No, I don't want Salon to go away--*something* has to remeain to make slashdot look like serious journalism.
Then again, maybe I shouldn't be so harsh--I've never heard any other editor admit that they used a single source, knowing of a prior perjury conviction and an axe to grind against the target of the story, and explain it away on the basis "it's ok because republicans are evil." . . .
[yes, I really did see this in an interview on one of the cable news channels after they ran one of their lap-dog pieces trying to refocus attention during the impeachment.]

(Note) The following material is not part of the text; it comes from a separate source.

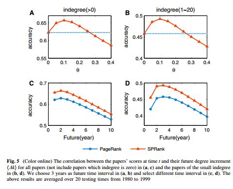 随着因特网的发展,现在研究者们越来越容易获得科学论文。然而,从大量的科学论文中发现高质量的作品不是一件容易的事情。在已有的算法中,Pagerank是比较具有代表性的一种。它源于谷歌搜索引擎的底层算法,在网络中通过迭代扩散过程为每个节点赋予一定的资源,节点的稳态资源即为它的重要程度。本文在Pagerank的基础上加入相似优先的扩散机制,即当一个节点接收下游节点扩散资源的时候,以一定程度忽略弱相似节点的资源。算法的有效性在美国物理学会引文网络上通过诺贝尔奖文章以及算法预测能力得以验证。另外,此算法对于引文中的蓄意行为有很强的鲁棒性。虽然此算法在本文中针对科学引文网设计,它可以自然的推广到网页搜索算法的设计以及社会网络中领导力的挖掘。
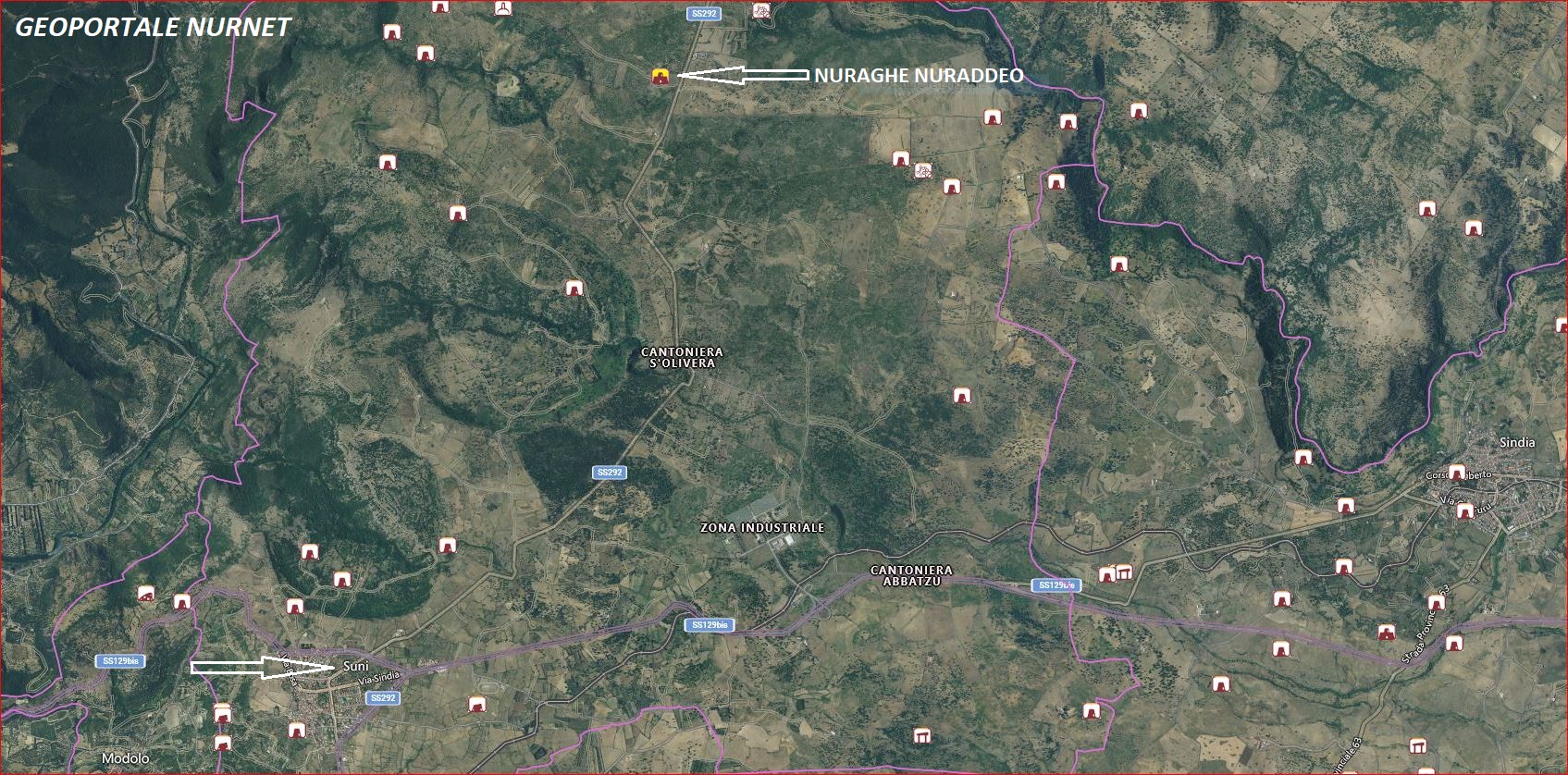 Si esce da Suni in direzione Padria attraverso la S.S. 292. Al km 65 si svolta a sinistra per la via d’accesso all’area archeologica”.

So they make you read advertising on the way--the content of an ad is less biased and more truthful, anyway . . .
hawk
Do you subscribe to magazines?
Got ads there. Even have to pay for the privledge to see them. Ok, so you obviouly don't do that.
Newspapers?
See magazines above.
Do you have cable?
Ads there too. Ad free channels (HBO, etc.) cost even more on top of the regular cable fees. Ok, so no cable for you.
Watch regular TV?
Commercials. But it's free. Unless you are one of those people who only watch PBS but never contribuite. In which case you're (not 'you' specifically, anyone who does this) just a cheap bastard.
Salon.com?
(I know, work with me here). Commercials, but it's free and you don't have access to all the content. Or no commercials and access to all the content. Is anyone else seeing the TV analogy here too? Yes? Good.
Bills have to be paid. There are four options for this:
a) Charge for content
b) Ads
d) donations
c) A&B
IANATroll, but I like Salon and you just bashed it. I feel like I need to stick up for it or something. I also think your rational is baseless.
Pete
The sole purpose of the Internet is to get porn and bomb making plans into the hands of children.
Salon is NOT "extorting" money by running ads-- they're trying to find a model that will support themselves and their *outstanding* journalism. I've seen many, many stories on Salon that I didn't see anywhere else until Salon reported it...many of which have been linked to on /. over the years.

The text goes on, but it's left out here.